▸ **INFORMATION**
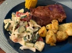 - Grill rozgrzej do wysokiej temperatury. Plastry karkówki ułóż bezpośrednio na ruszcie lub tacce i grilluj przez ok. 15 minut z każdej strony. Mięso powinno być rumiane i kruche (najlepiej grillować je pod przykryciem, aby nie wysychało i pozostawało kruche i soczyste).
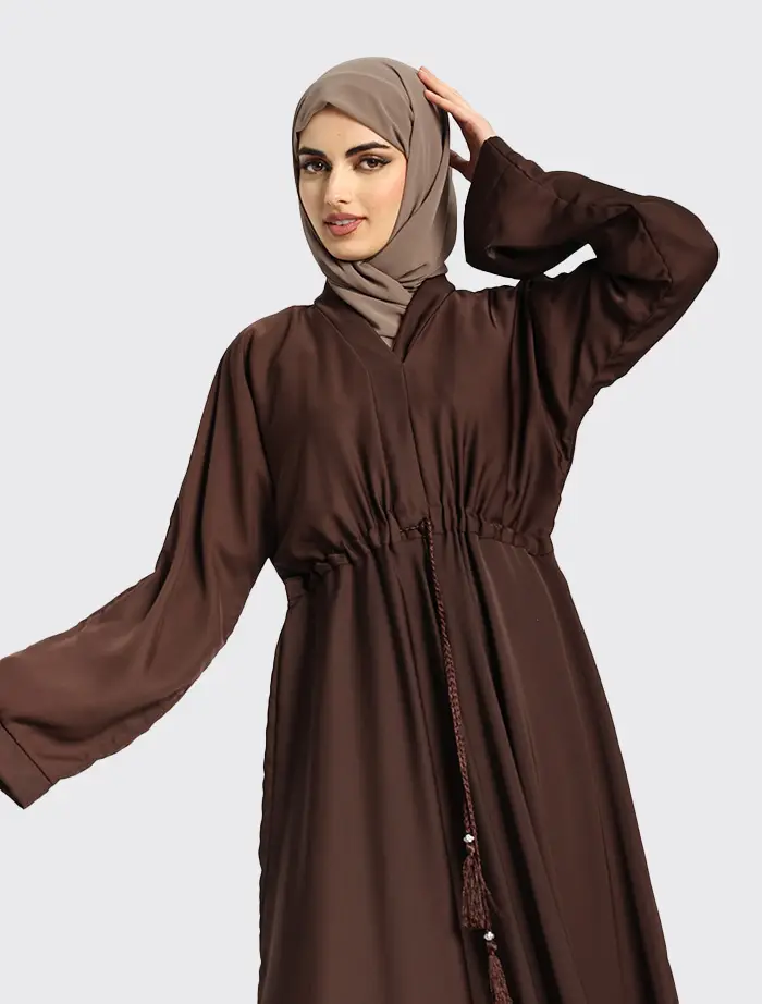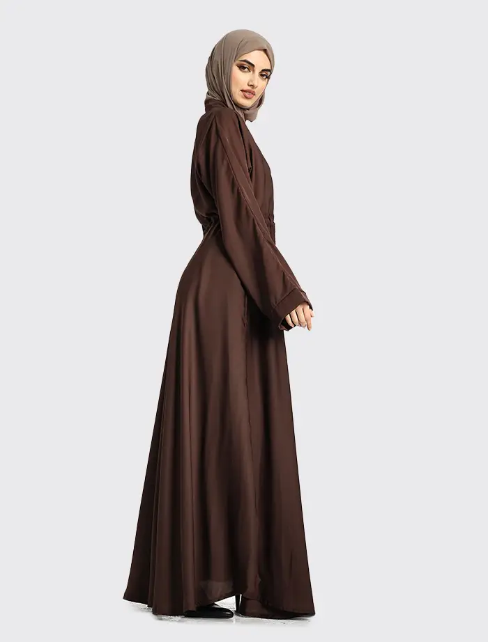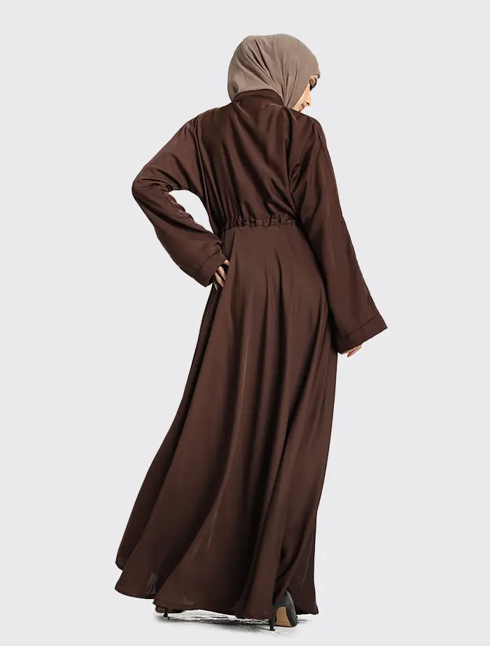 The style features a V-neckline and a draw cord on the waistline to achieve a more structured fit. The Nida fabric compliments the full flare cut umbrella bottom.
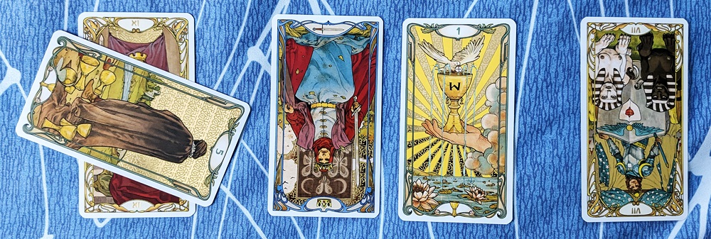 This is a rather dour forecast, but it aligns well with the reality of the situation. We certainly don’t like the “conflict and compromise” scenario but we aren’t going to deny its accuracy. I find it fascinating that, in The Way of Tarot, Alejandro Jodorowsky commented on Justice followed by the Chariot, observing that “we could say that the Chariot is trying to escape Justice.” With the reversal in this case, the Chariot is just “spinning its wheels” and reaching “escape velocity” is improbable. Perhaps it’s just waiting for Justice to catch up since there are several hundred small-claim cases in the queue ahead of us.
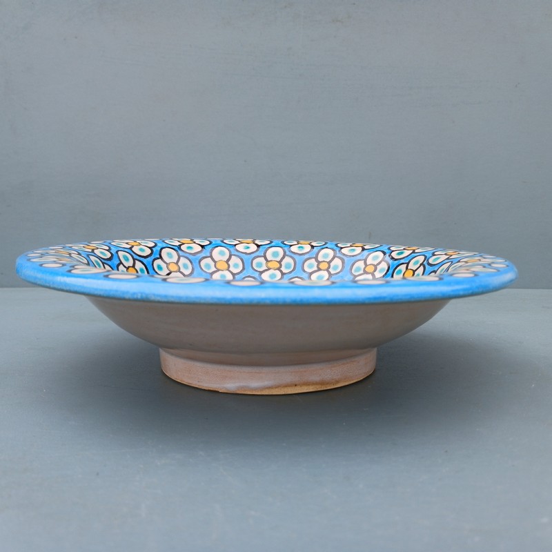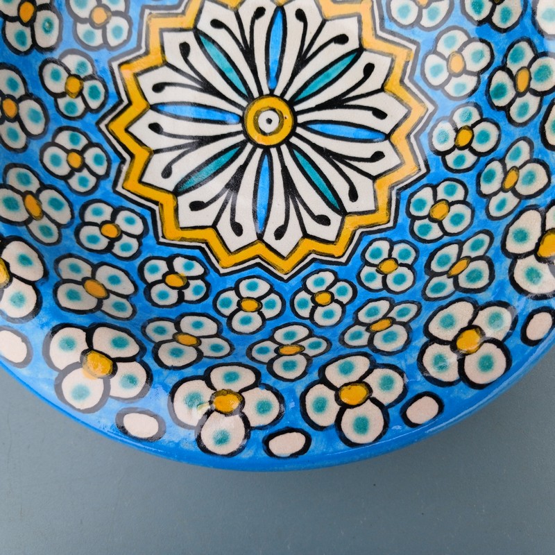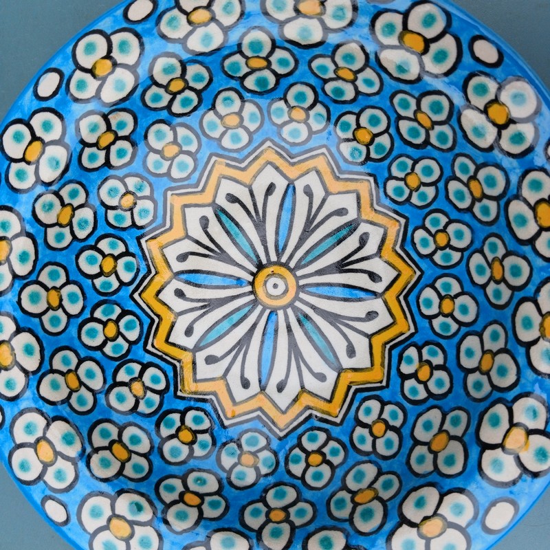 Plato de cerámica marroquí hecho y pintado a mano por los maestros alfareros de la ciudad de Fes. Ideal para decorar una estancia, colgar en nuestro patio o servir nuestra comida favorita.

...

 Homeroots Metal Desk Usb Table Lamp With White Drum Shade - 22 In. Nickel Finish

▸ **WHAT THE TASK ASKS**
Given the records above, return the lines starting at the one that holds "- Grill rozgrzej" and ending at the one that holds "Plato de cerámica", exactly, and nothing besides; leave every picture out.

▸ **RESULT OF THE EXERCISE**
 - Grill rozgrzej do wysokiej temperatury. Plastry karkówki ułóż bezpośrednio na ruszcie lub tacce i grilluj przez ok. 15 minut z każdej strony. Mięso powinno być rumiane i kruche (najlepiej grillować je pod przykryciem, aby nie wysychało i pozostawało kruche i soczyste).
 The style features a V-neckline and a draw cord on the waistline to achieve a more structured fit. The Nida fabric compliments the full flare cut umbrella bottom.
 This is a rather dour forecast, but it aligns well with the reality of the situation. We certainly don’t like the “conflict and compromise” scenario but we aren’t going to deny its accuracy. I find it fascinating that, in The Way of Tarot, Alejandro Jodorowsky commented on Justice followed by the Chariot, observing that “we could say that the Chariot is trying to escape Justice.” With the reversal in this case, the Chariot is just “spinning its wheels” and reaching “escape velocity” is improbable. Perhaps it’s just waiting for Justice to catch up since there are several hundred small-claim cases in the queue ahead of us.
 Plato de cerámica marroquí hecho y pintado a mano por los maestros alfareros de la ciudad de Fes. Ideal para decorar una estancia, colgar en nuestro patio o servir nuestra comida favorita.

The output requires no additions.